I went up north for a few days last week and made sure to visit the car boot sale in Preston whilst I was there. It is the best sort of car boot, in so far as there is always so much total rubbish on sale that it fills you with optimism that a bargain is just waiting to be found in one of the grubby house clearance boxes.
I only bought 3 old cookery books but felt that my rummaging time was time well spent. One of the books, Good Food by Ambrose Heath, is an absolute corker. Unfortunately, it long ago lost its dust jacket (which I would love to see) and from the outside it seems quite uninspiring, battered linen, aged and discoloured beige, but inside is such a treat. It is often said that nothing is new and this book clearly proves the point. It is set out month by month with recipes using seasonal produce and rather than the recipes being laid out in the usual manner it has running text with the recipe headings written in the margins. A bit like Nigella Lawson’s How To Eat. I bet you anything that in the editorial meeting when they came up with the format for Nigella’s book they thought they were being groundbreaking. In fact they were pipped to the post by 70 years, Good Food was published in 1932.
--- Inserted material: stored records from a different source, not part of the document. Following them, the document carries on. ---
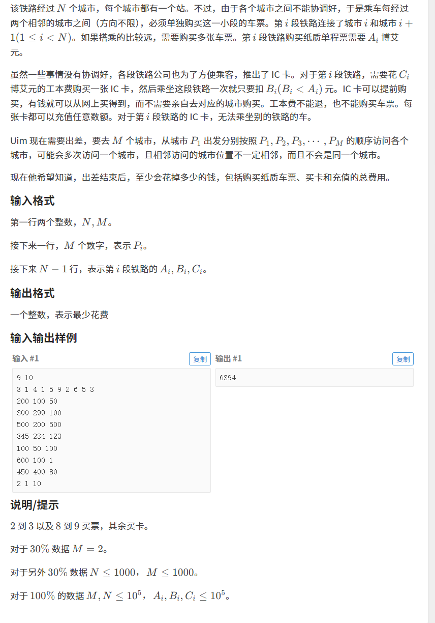 1.先考虑如何让花费最小,想要求最小花费,需要知道每⼀段高铁被「乘坐了多少次」,记作f[i],那么最小花费就是「买票的花费」与「买卡的花费」两者之间的最小值:f[i]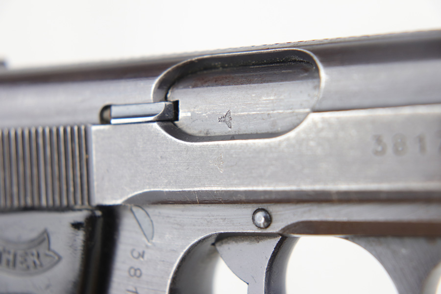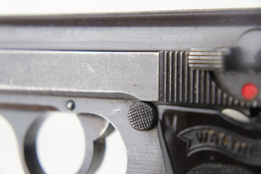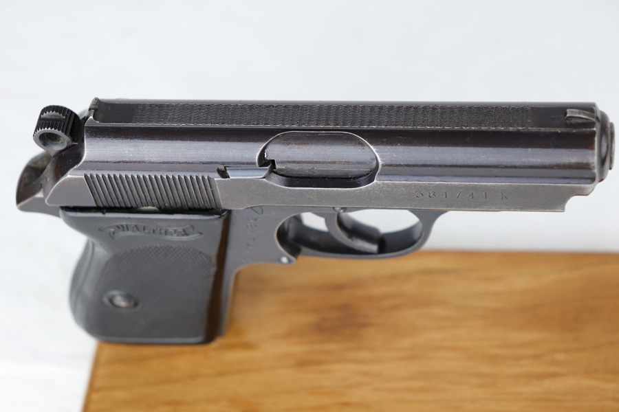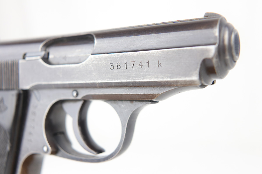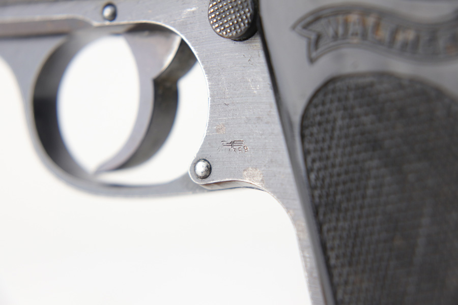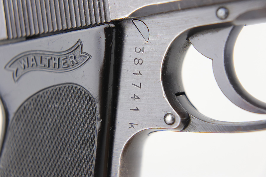 10/25/18 – This is a scarce Nazi Army issued Walther PPK with a photocopy of the original capture document. The pistol is all matching and original but thinning throughout with browning to the finish. There were only ~12,500 of this third variation Army PPK produced, with military style bluing. The black grip has a small chip under the safety and shows some warping. The photocopy of the original document mentions this PPK but is not serialized. Excellent bore.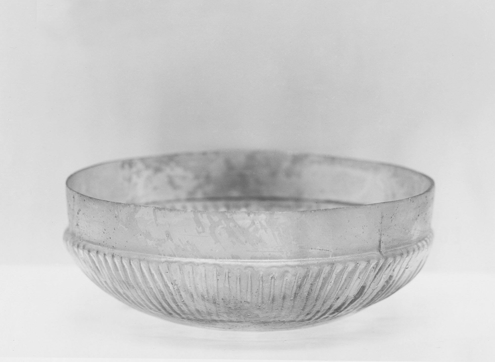 DescriptionShallow bowl of transparent, possibly colorless glass, blown into a multipart vertically grooved mold. The mold likely consisted of two vertical sections that produced the ribbed area. Mold seams are visible only on the rim. The bowl has a straight, lightly ground rim, convex sides, and a slightly concave base. Ninety-five short vertical ribs, each approximately 2.5 cm long, encircle the body. On the underside, three concentric circles bordered by grooves surround a central boss. The glass is thin, with pinprick and small spherical bubbles.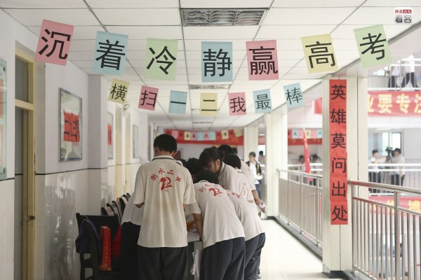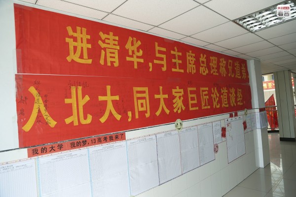 每當(dāng)空閑的時候,她便望向路對面校門口的展板上那張考上清華、北大學(xué)生與校長的大合影。她希望明年在這里也能看到女兒的身影。
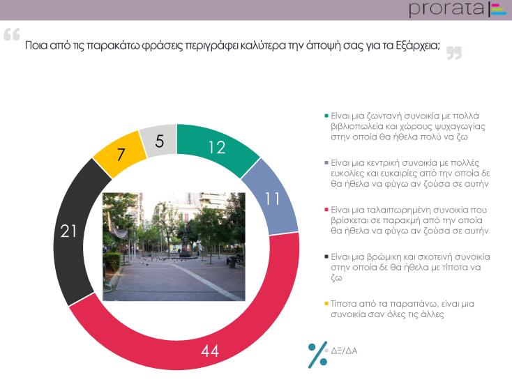 Η Ερώτηση της Εβδομάδας από την Prorata έθεσε το ερώτημα στους συμμετέχοντες στις online έρευνες της εταιρείας και κατέγραψε την υπεροχή της άποψης ότι τα Εξάρχεια είναι μια ταλαιπωρημένη συνοικία που βρίσκεται σε παρακμή και από την οποία ο μέσος πολίτης θα ήθελε να φύγει, αν ζούσε σε αυτήν (44%). Η κυρίαρχη αυτή άποψη μοιάζει να είναι μια σχετικά ουδέτερη αποτίμηση της πραγματικότητας σε σχέση με την περισσότερο κάθετη άποψη ότι τα Εξάρχεια είναι μια βρώμικη και σκοτεινή συνοικία όπου ο μέσος πολίτης δε θα ήθελε με τίποτα να μείνει, η οποία καταγράφηκε ως η δεύτερη ισχυρότερη στις επιλογές του δείγματος (21%). Την άποψη αυτή επέλεξαν συχνότερα οι εκτός Αττικής ερωτηθέντες, οι οποίοι και είναι λιγότερο πιθανό να έχουν την πραγματική εικόνα της καθημερινότητας στη συνοικία, κάτι που συνιστά ένδειξη της ύπαρξης ενός αρνητικού στερεοτύπου για την περιοχή, το οποίο και αναπαράγεται από πομπούς μηνυμάτων πανεθνικής εμβέλειας, όπως τα μέσα μαζικής ενημέρωσης.
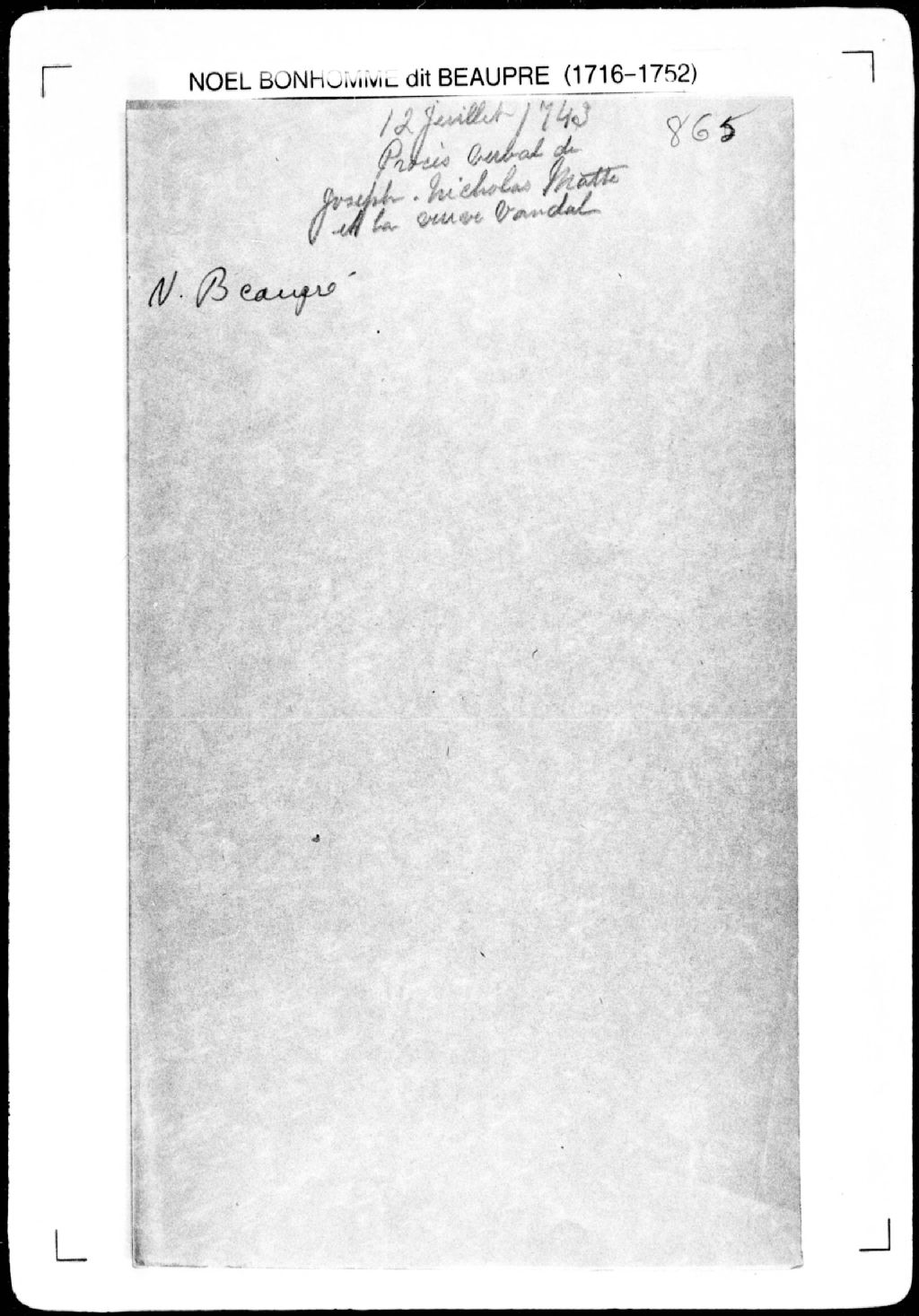 Procès-verbal de ligne séparant deux terres situées dans la seigneurie de la Pointe-aux-Trembles [seigneurie de Neuville]. La présente pièce concerne directement: Joseph Matte; Nicolas Matte; la veuve Vandal (arpenteur Noël Bonhomme dit Beaupré), 12 juillet 1743, Archives nationales à Québec, Fonds Cour supérieure. District judiciaire de Québec. Greffes d'arpenteurs, (03Q,CA301,S2,P917).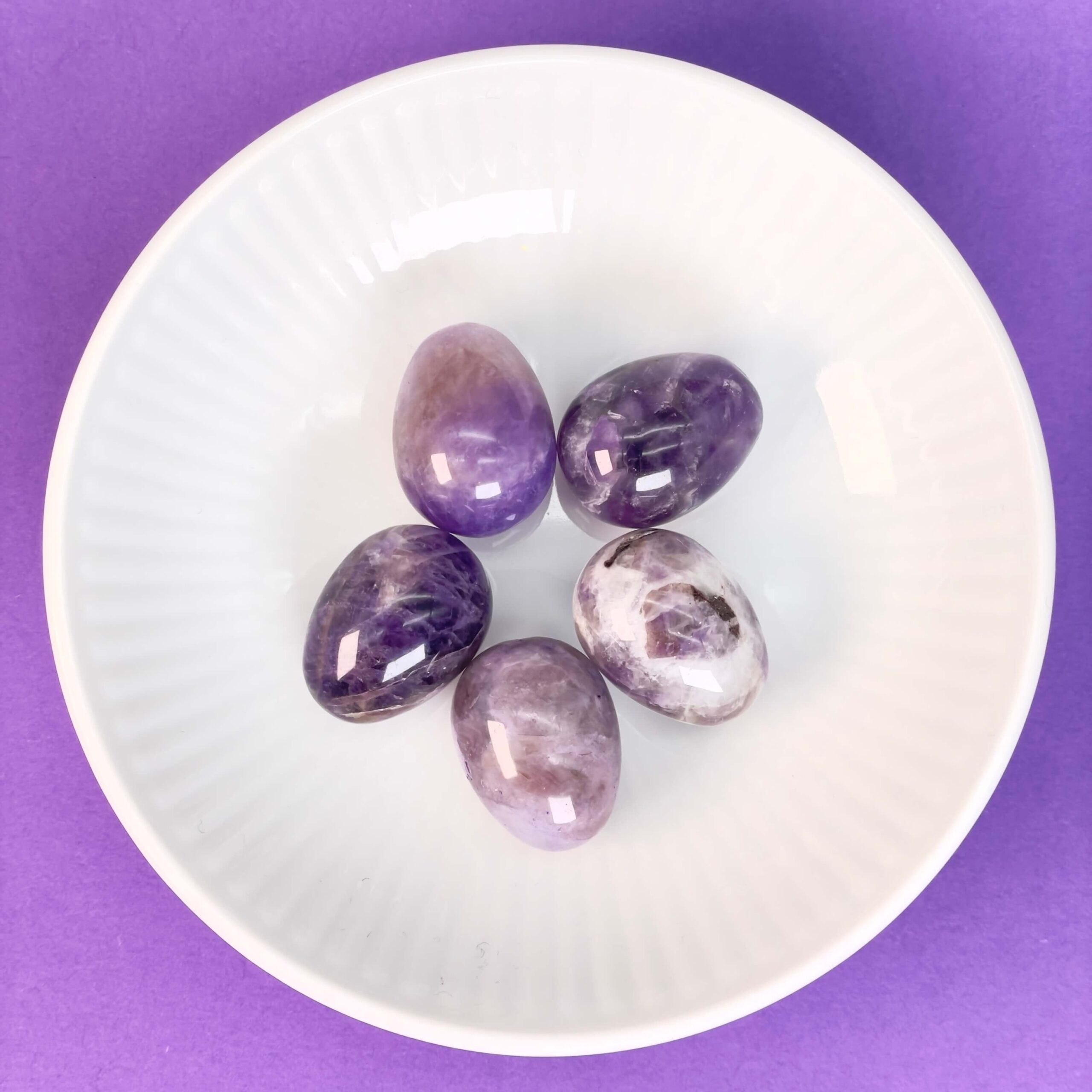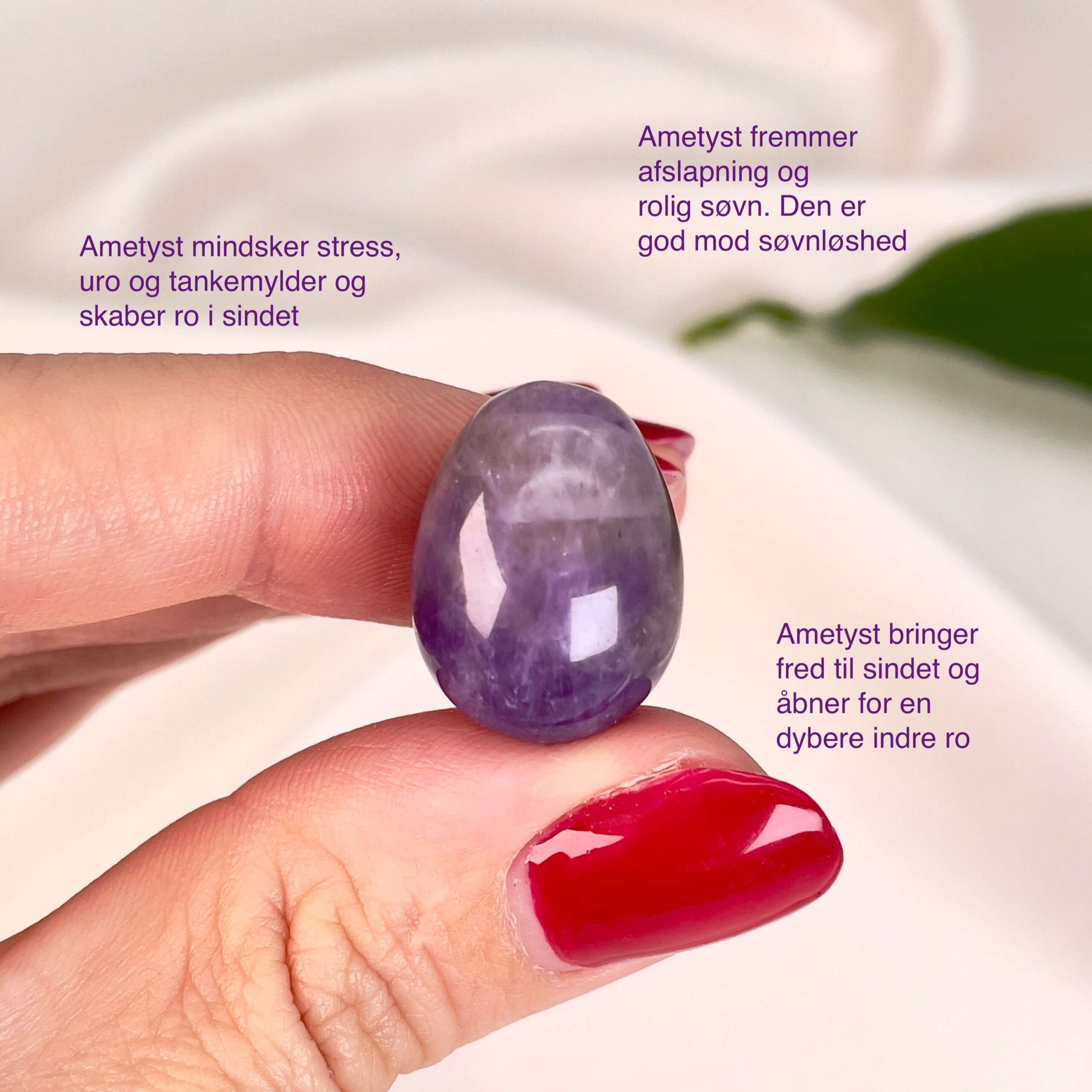 Ro og afstressning: Ametyst mini æg dæmper uro og nervøsitet.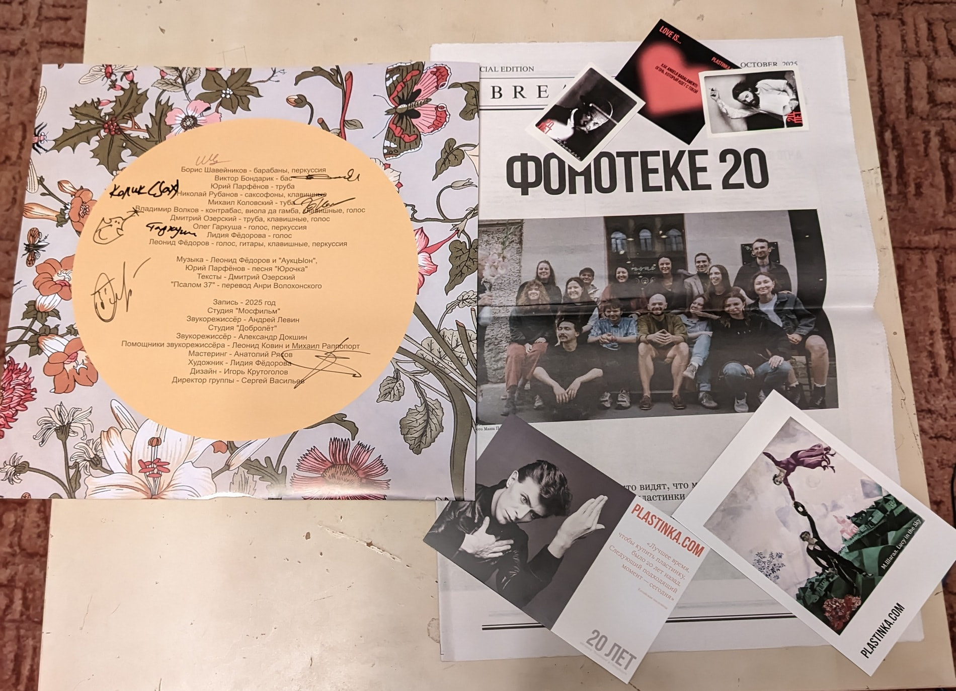 В извинение за долгое ожидание продавец (пластинка.ком) насыпал разного мерча, ну и внутренний конверт, как и обещано, с автографами.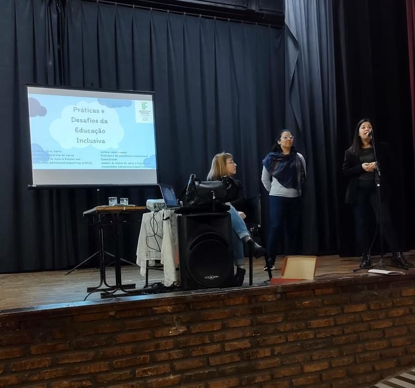 A temática da palestra expositiva-dialogada foi "Práticas e desafios da Educação Inclusiva", ministrada por Mariele da Silva Vieira, Tradutora e Intérprete de Libras e Coordenadora de Apoio à Pessoas com Necessidades Educacionais Específicas (CAPNE), e Michele Lopes Leguiça, Professora de Atendimento Educacional Especializado e Membro do Núcleo de Apoio à Pessoas com Necessidades Educacionais Específicas (NAPNE), ambas do IFFar - Campus Alegrete.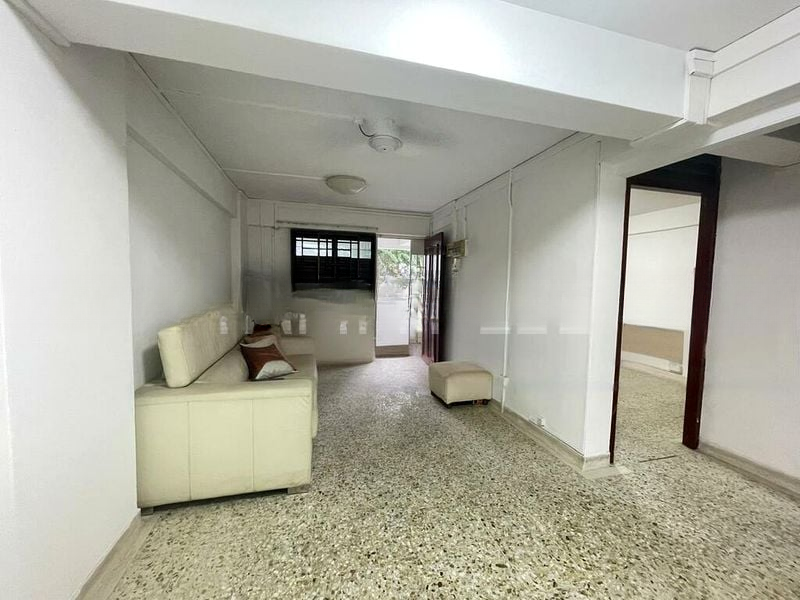 Step into this expansive 3-bedroom flat at 13 Marine Terrace, where the timeless elegance of marble flooring greets you at every turn. The spacious living room, adorned with a striking wood-paneled feature wall, is bathed in natural light from the large grid window, creating an inviting ambiance perfect for relaxation and gatherings. Enjoy the gentle breeze from the ceiling fan and the warm glow of wall lamps that enhance the cozy atmosphere.

To make the book even more fabulous it is illustrated by Edward Bawden, with an image to represent each month as well as some smaller incidental images of cooking implements and produce. If only it still had its dust jacket, I imagine that would be really special. Of course now I am on Ambrose Heath alert and am looking out for more of his books. Apparently he was a very prolific cookery writer (1891-1969) and wrote around 100 books on just about every food subject and ingredient under the sun. I would particularly like to see ‘Open Sesame - The Way of a Cook With a Can’ published in 1939 (sorry Delia, he beat you too it).
Anyway, keen to try out some of his recipes I spotted one for Orange Jumbles, which are a flat sprawling biscuit made with flaked almonds and orange rind and juice. I am getting ahead of myself here as they are in the April chapter but as we can usually find oranges of some kind all-year-round and recipes with funny names are always a good thing then why not?. I decided to experiment and have had to make them a few times to get the recipe right - hard work but somebody had to do it. I have substituted some of my Seville marmalade as an ingredient, missed out cochineal, who on earth uses that these days, and they seem to have worked out pretty well. Ambrose didn’t seem to believe in molly-coddling his readers and the recipes are suitably vague on technique.
Of the Orange Jumbles he writes, ‘To say that they are indescribably charming really describes them’. If I wasn’t so busy eating my way through a plate of jumbles I’d say ‘I couldn’t agree more’.